> **Work instruction**
From the records that follow, return exactly the lines beginning at the one that contains "Doğal güzellikler arasında" and ending at the one that contains "Autumn colors at", pictures left out.
[[ Recorded information open ]]
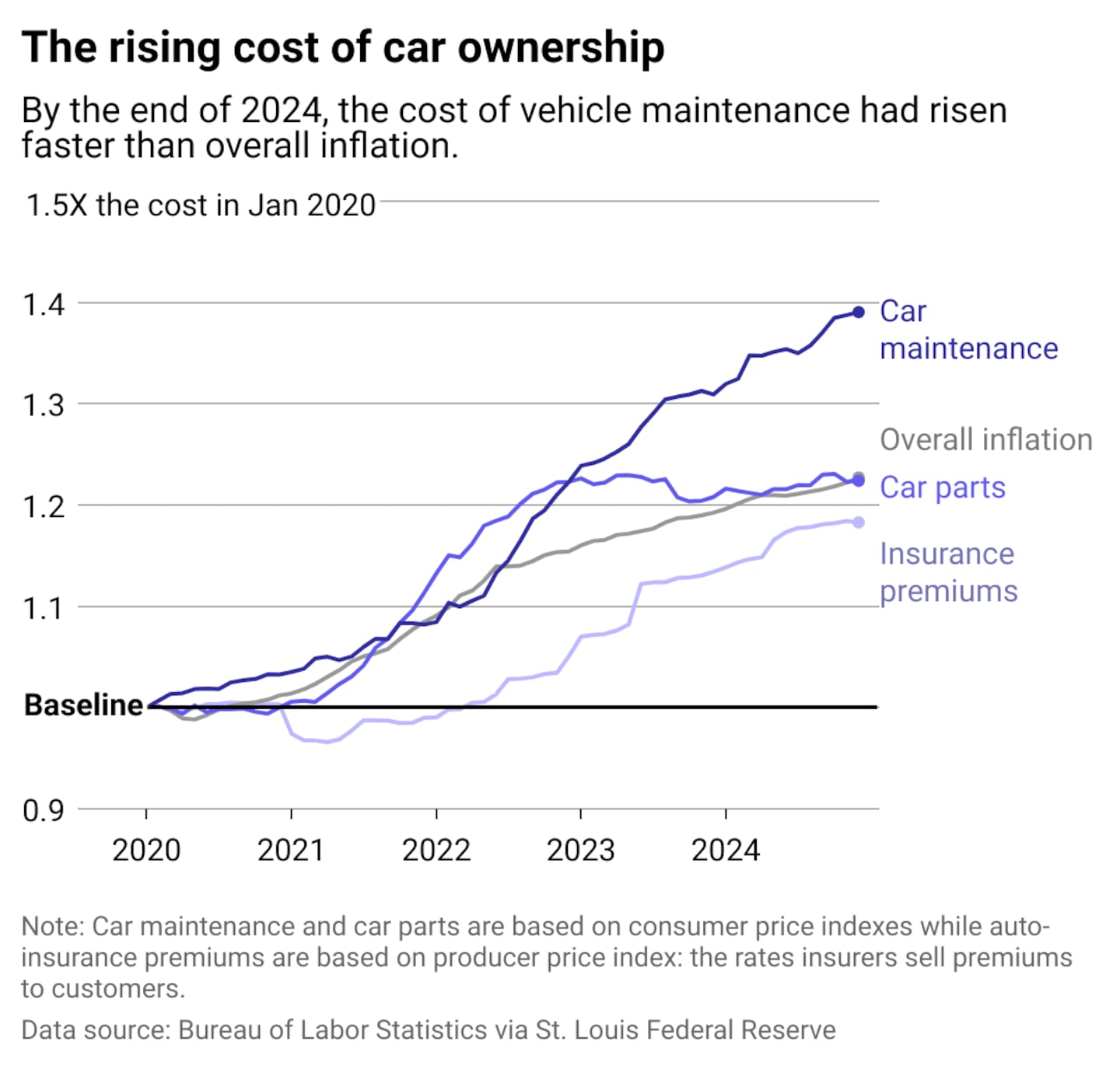 BLS data shows that although maintenance and repair costs have climbed steadily since the 1960s, they've skyrocketed over the last few years. This is the "main reason" for higher insurance rates, The New York Times reported.
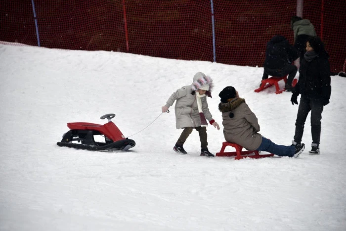 Doğal güzellikler arasında teleferikle dolaşıp, yürüyüş imkanı bulan konuklar, kayak ve snowboard yapıp kızakla kayarak keyifli vakit geçiriyor.
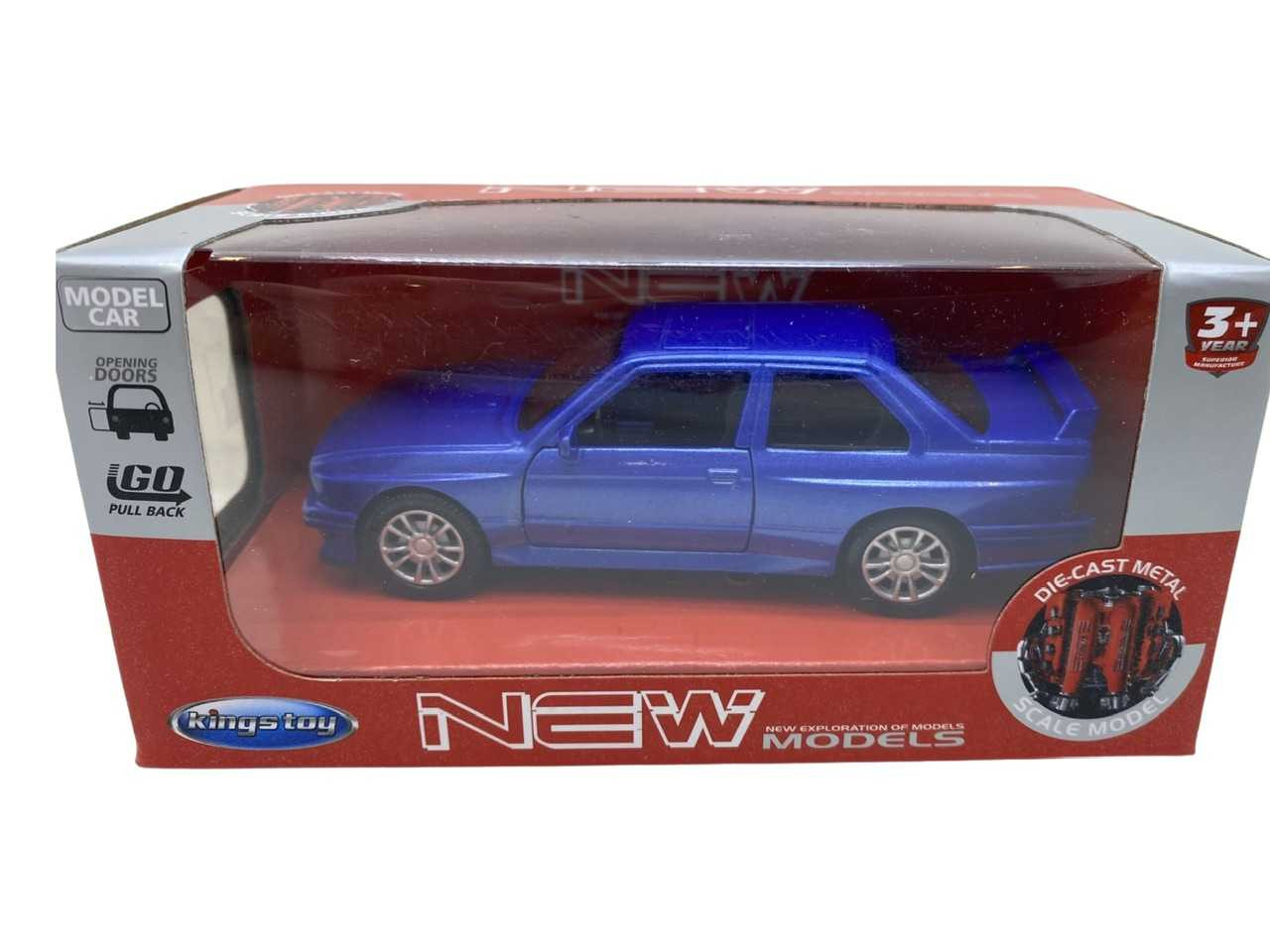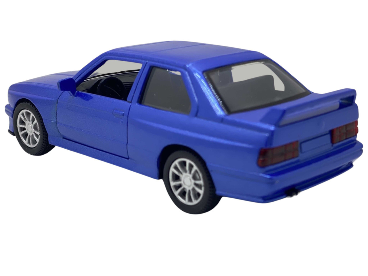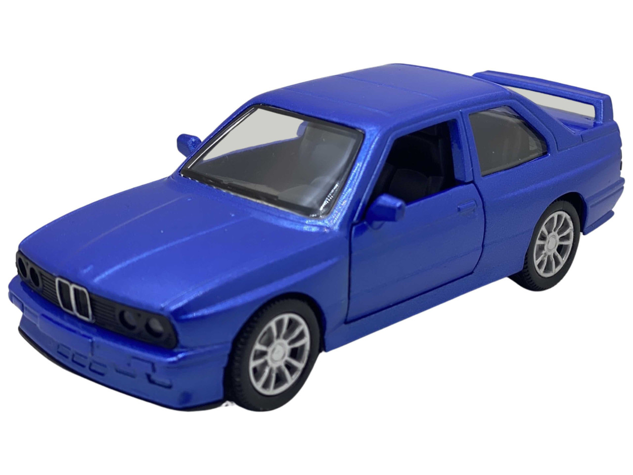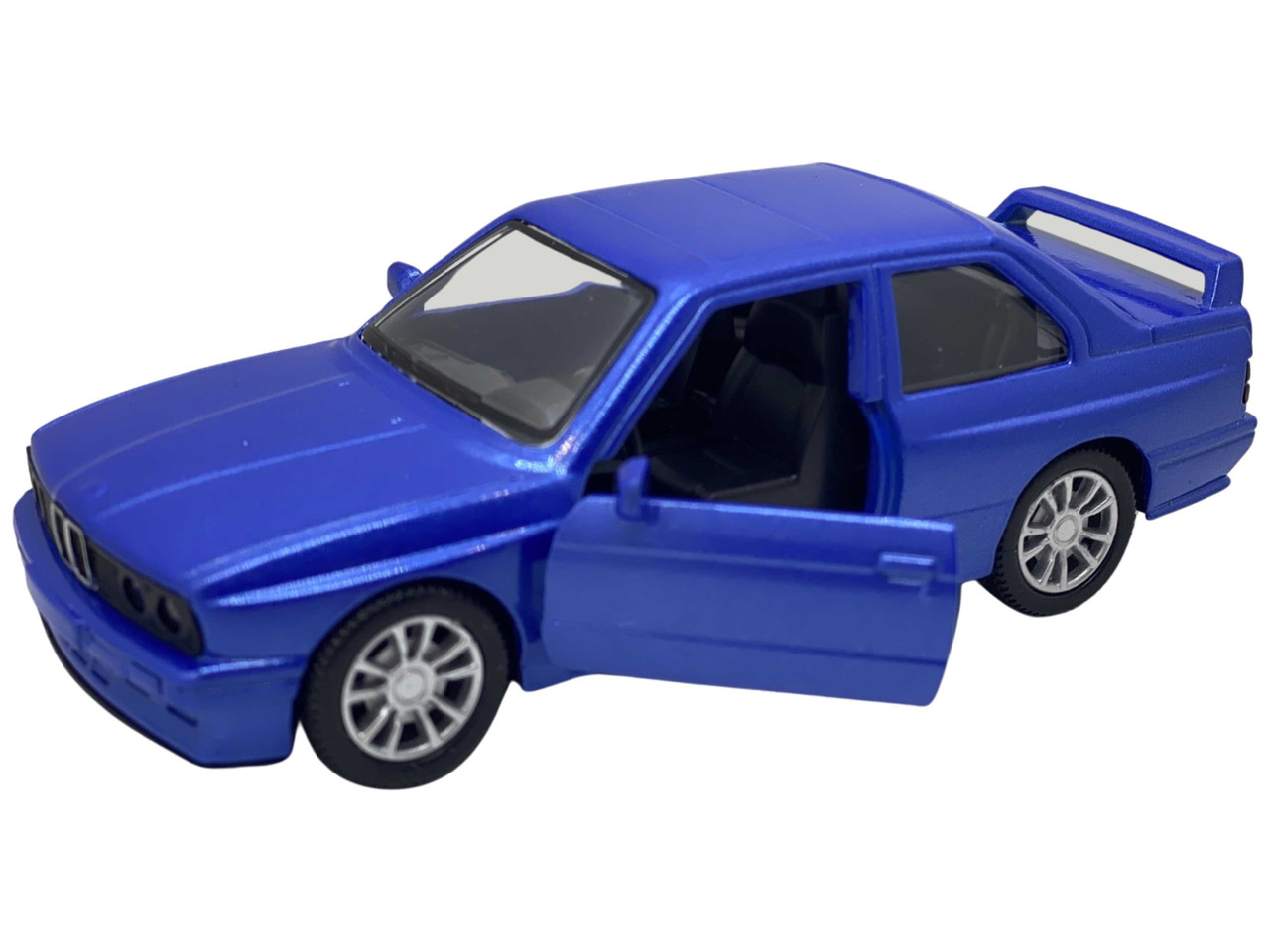 Macheta BMW E30 replica ursulet albastru 1:38 cu resort, deschide usile
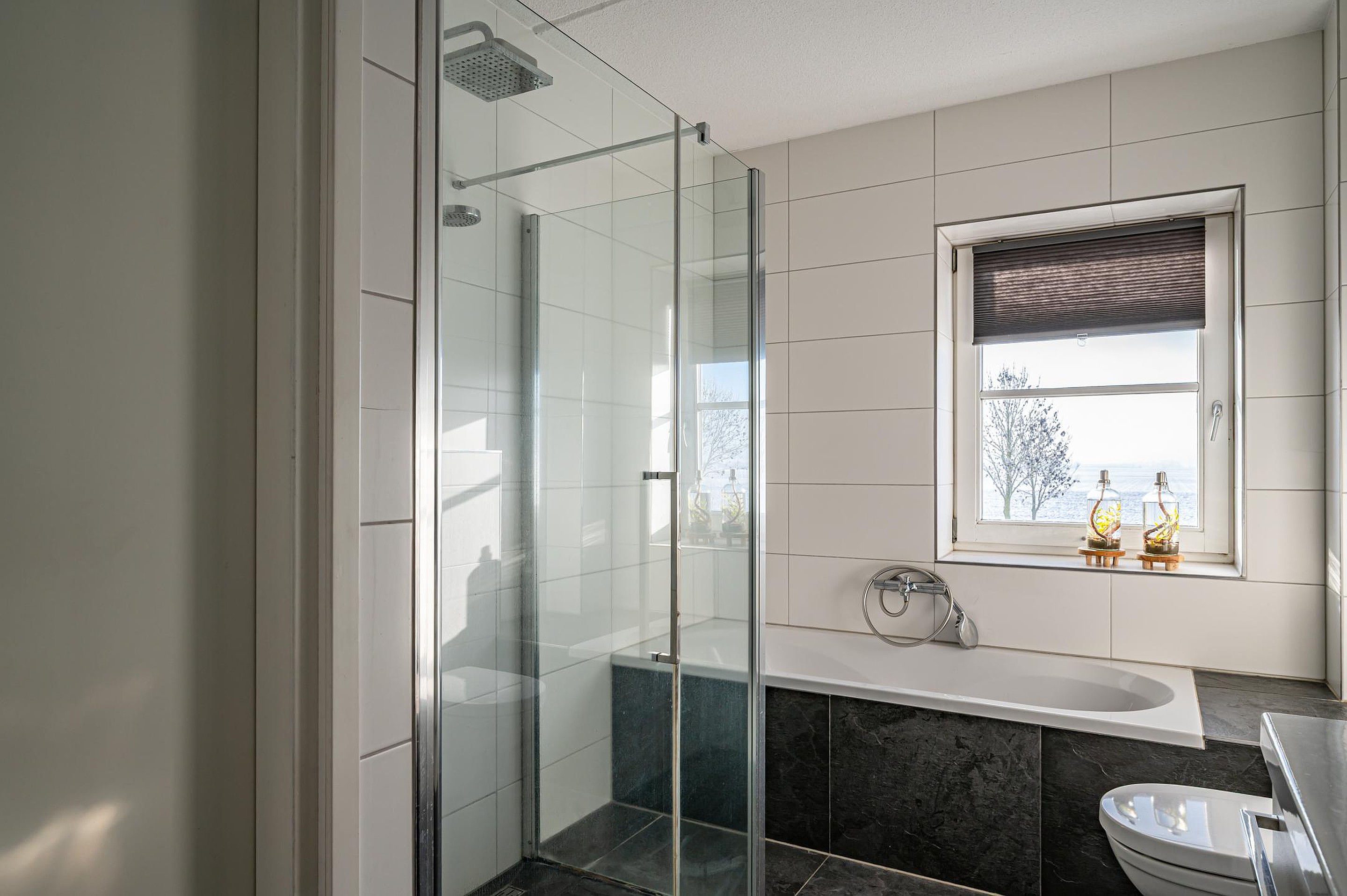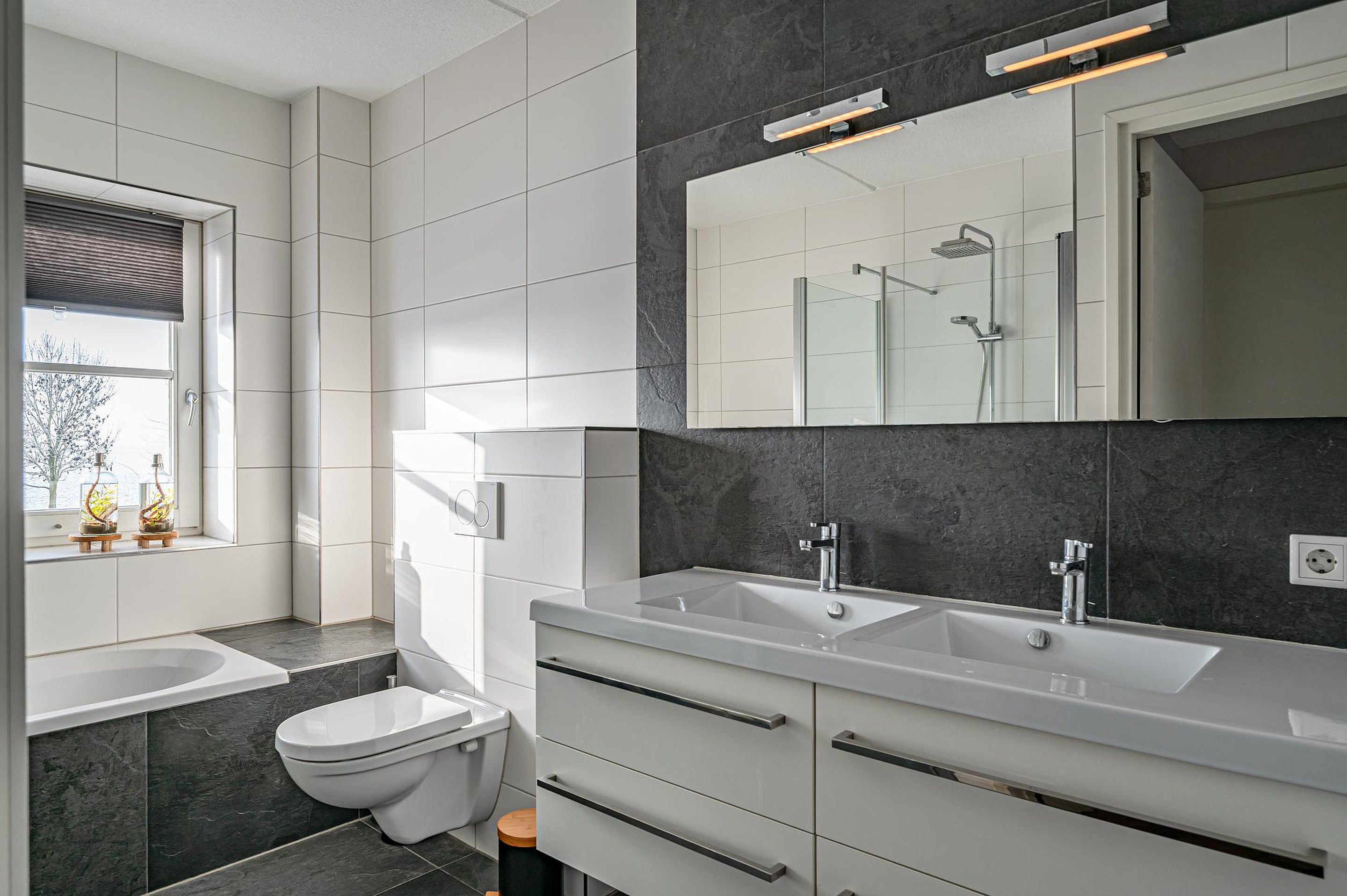 - Luxe, volledig betegelde badkamer met ligbad, inloopdouche, dubbele wastafelmeubel, toilet en mechanische ventilatie.
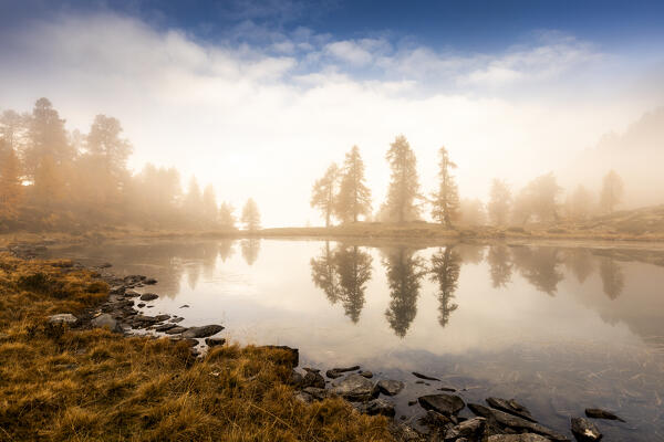 Autumn colors at Zocche lake, Parco delle Orobie Valtellinesi, Valtellina, Lombardy, ITaly, Europe.
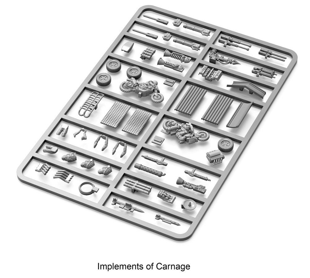There’s been some interest in Gaslands locally, with a few games being played a couple of years ago. As with Frostgrave, I’m keen to put together a couple of forces and seeing where it all takes me. I picked up some old diecast cars from eBay a couple of years ago, but haven’t realyl done anything with them. I also 3D-printed some weapons to attach to the cars, but they didn’t look great. They really should have been printed in resin, rather than the PLA I used. More recently I ordered the Implements of Carnage sprue so give me a nice little stock of bits for this project that I will never actually get around to:
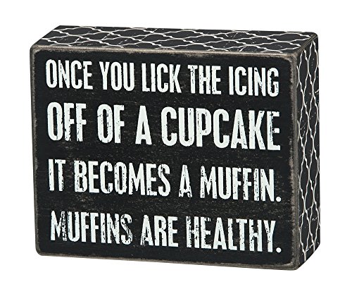 Once You Lick The Icing Off Of A Cupcake It Becomes A Muffin. Muffins Are Healthy - Wood Box Sign for wall hanging, table or desk
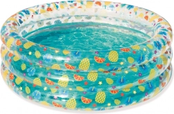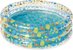 Verras kinderen met zomerse verfrissing in een opblaasbaar zwembad met een vrolijke fruitprint. Dankzij de diameter van 170 cm en hoogte van 53 cm is er volop ruimte om te spelen, terwijl de drie-ringconstructie stabiliteit biedt en de zachte opblaasbare bodem voor comfort zorgt. Het zwembad is gemakkelijk op te blazen en te laten leeglopen, ideaal voor kinderen vanaf 6 jaar.
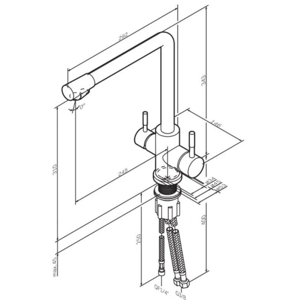 Смеситель для питьевой воды Am.Pm X-Joy S F85B05700 — элегантное и удобное решение для кухни. Оснащён керамическим картриджем для плавного регулирования потока. Глянцевое покрытие придаёт стильный вид и легко очищается. Гибкая подводка стандарта G 3/8 упрощает установку. Излив длиной 24,5 см и высотой 31 см удобен для наполнения больших ёмкостей. Аэратор SoftFlow формирует мягкий поток воды при расходе 8,5-9,5 л/мин, обеспечивая комфортное использование и экономию воды.
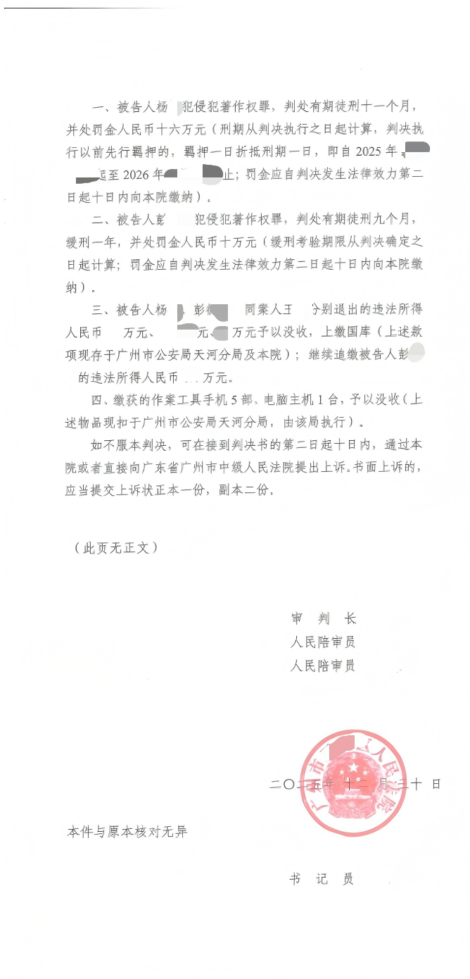 2025年初,公安机关雷霆出击,成功侦破一起跨越两地的私服案件,抓获主要犯罪嫌疑人 2名,近日我方收到法院判决如下:犯罪嫌疑人杨某犯侵犯著作权罪,判处有期徒刑十一个月,并处罚金人民币十六万元;犯罪嫌疑人彭某犯侵犯著作权罪,判处有期徒刑九个月,缓刑一年,并处罚金人民币十万元。其中,杨某被判处实刑,服刑坐牢十一个月。
[[ Recorded information closed ]]
> **Your response**
 Doğal güzellikler arasında teleferikle dolaşıp, yürüyüş imkanı bulan konuklar, kayak ve snowboard yapıp kızakla kayarak keyifli vakit geçiriyor.
 Macheta BMW E30 replica ursulet albastru 1:38 cu resort, deschide usile
 - Luxe, volledig betegelde badkamer met ligbad, inloopdouche, dubbele wastafelmeubel, toilet en mechanische ventilatie.
 Autumn colors at Zocche lake, Parco delle Orobie Valtellinesi, Valtellina, Lombardy, ITaly, Europe.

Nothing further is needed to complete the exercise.